For each observation, we look to the labeled samples to see which one it is closer to, in order to find the "1st-Nearest Neighbor". 

In [None]:
new_obs = pd.DataFrame([[6.3, 2.8, 5.1, 1.4], 
                       [6.25, 2.77, 5.09, 1.35], 
                       [5.5, 3.5, 1.29, 0.3]], 
                        columns = ['a', 'b', 'c', 'd'])

new_obs

It is pretty clear which samples each new observation corresponds to. So we add those predictions. 

In [None]:
pred_target = pd.DataFrame(['virginica', 'virginica', 'setosa'], columns=['pred_target'])
pd.concat([new_obs, pred_target], axis=1)

This is what K-Nearest Neighbors is doing for us. Except it's using the distance formula to actually compute the distance and find the K sample/labeled observations with the shortest or minimum distances. Of those K samples, which species is most common? i.e. what is the mode of those neighbors? 

## Validate Model

**Evaluate on Out-of-Sample data**

Compute the accuracy of the model when run on the validate dataset. 

In [None]:
# predict on X_validate 
y_pred = knn.predict(X_validate)
y_pred

In [None]:
print('Accuracy of KNN classifier on validate set: {:.2f}'
     .format(knn.score(X_validate, y_validate)))

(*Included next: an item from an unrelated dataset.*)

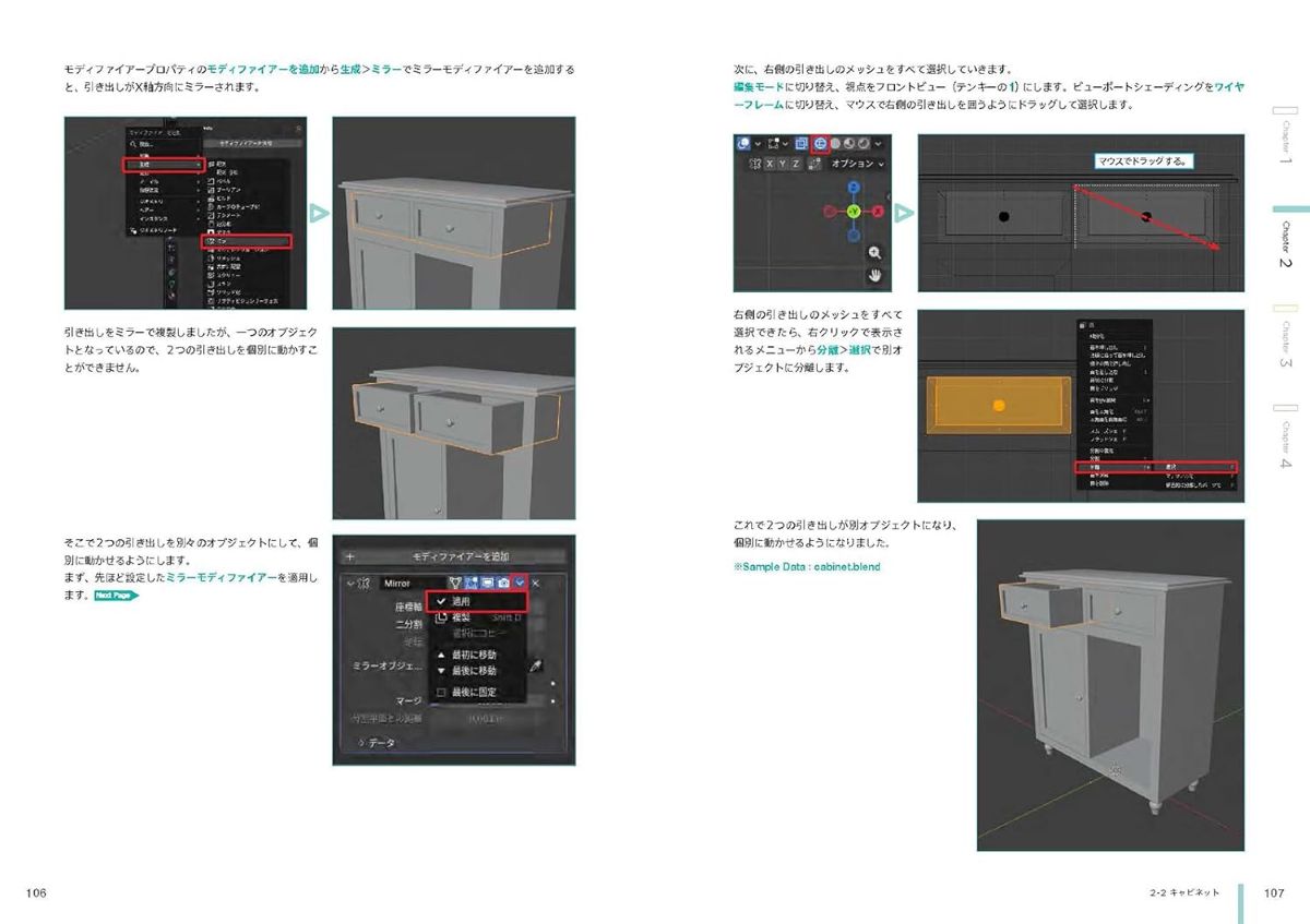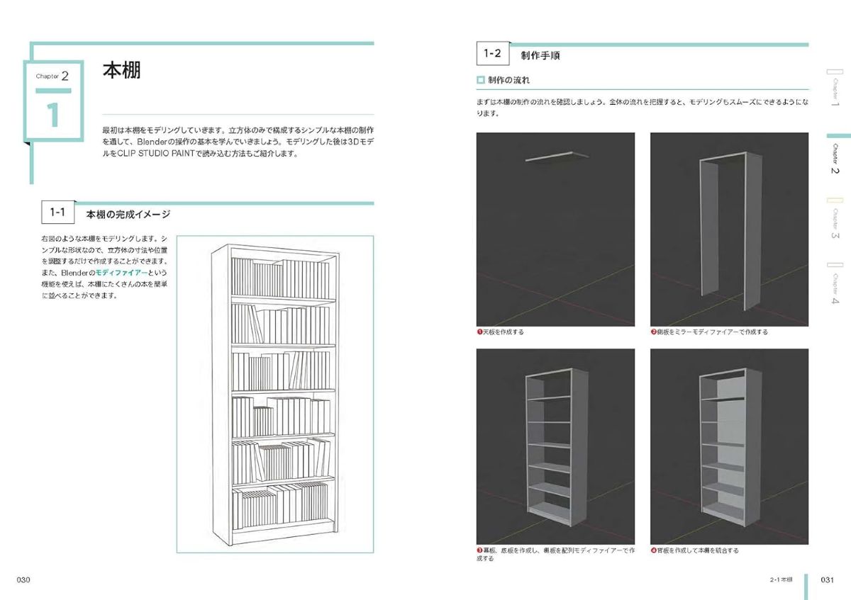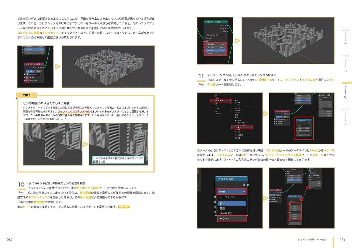 本棚やキャビネットなど具体的なモチーフを作る過程を通して実践的にモデリングの基礎を習得できるほか、オブジェクトの自動配置機能を用いたビル街の制作手法や、物理演算によって建物が破壊されるシーンを表現する方法といった応用テクニックも解説。

## What is the best value of k?

In [1]:
metrics = []

# loop through different values of k
for k in range(1, 20):
            
    # define the thing
    knn = KNeighborsClassifier(n_neighbors=k)
    
    # fit the thing (remmeber only fit on training data)
    knn.fit(X_train, y_train)
    
    # use the thing (calculate accuracy)
    train_accuracy = knn.score(X_train, y_train)
    validate_accuracy = knn.score(X_validate, y_validate)
    
    output = {
        "k": k,
        "train_accuracy": train_accuracy,
        "validate_accuracy": validate_accuracy
    }
    
    metrics.append(output)

# make a dataframe
results = pd.DataFrame(metrics)

# plot the data
results.set_index('k').plot(figsize = (16,9))
plt.ylim(0.90, 1)
plt.ylabel('Accuracy')
plt.xticks(np.arange(0,20,1))
plt.grid()

NameError: name 'KNeighborsClassifier' is not defined

## Exercises

Continue working in your `model` file with the titanic dataset. 

1. Fit a K-Nearest Neighbors classifier to your training sample and transform (i.e. make predictions on the training sample)

1. Evaluate your results using the model score, confusion matrix, and classification report.

1. Print and clearly label the following:  Accuracy, true positive rate, false positive rate, true negative rate, false negative rate, precision, recall, f1-score, and support.

1. Run through steps 2-4 setting k to 10

1. Run through setps 2-4 setting k to 20

1. What are the differences in the evaluation metrics?  Which performs better on your in-sample data? Why?

1. Which model performs best on our out-of-sample data from `validate`?